Saber esperar

La vida humana es un continuo vaivén de la inspiración a la espiración, de la sístole a la diástole, de la mañana a la noche. Pero todo ello no en sentido biológico o natural, sino muy sobre todo en sentido unamuniano: en sentido biográfico.

Digamos que hay dos tipos de momentos en nuestra biografía: momentos de vivir, y momentos de esperar; momentos de aconteceres y momentos de puro reposo. La espera es media vida humana. 

Por ello, quizá, mandara Dios guardar el Shabat como un día de pura espera puesta en ejercicio: porque en la vida hay que «saber esperar», con la expresión que usa Machado en sus Proverbios. La vida es, en gran medida, un «esperar que suba la marea» (por decirlo ahora con el cantautor español), y que traiga consigo, la mar, sus novedades.

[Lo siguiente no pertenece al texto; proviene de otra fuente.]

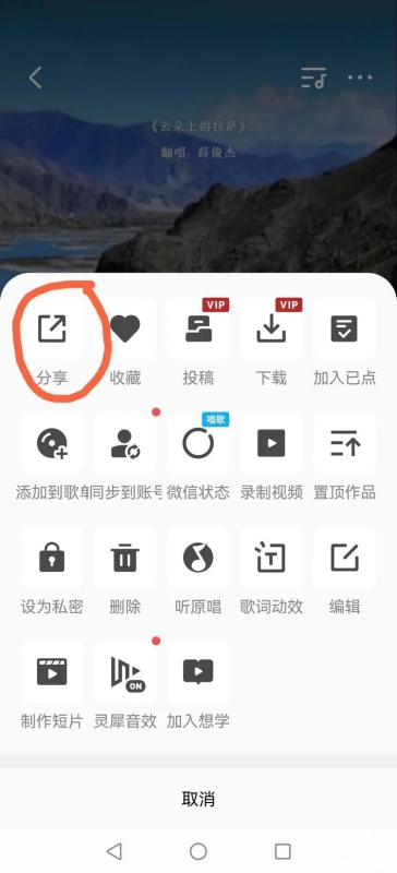 7.在弹出菜单里点击“分享”选项。

Esta es la raíz de toda esperanza: que nada ocurrido tiene autoridad para decirnos que no hay ya más novedad “por esperar”. Si lo dice, miente. Si nos lo decimos, nos mentimos.

No existe la última palabra sobre nada; menos, si esa palabra la pronuncia el hombre. Siempre quedarán novedades por acontecer, en esta realidad que es puro misterio. 

La cantidad de novedades que nos visitarán en el mañana (o nos asaltarán, según el caso) es, literalmente, inabarcable, inagotable, inconmensurable, y un largo etcétera con muchas negaciones más. 

De ahí que la buena esperanza no sea ninguna ingenuidad: es la absoluta cordura, la atención plenamente ejercida y practicada. Siempre cabe esperar que algo bueno ocurra.

Negarlo sería, como dijo Sócrates hace veintitantos siglos, creernos en posesión de una sabiduría imposible de poseer.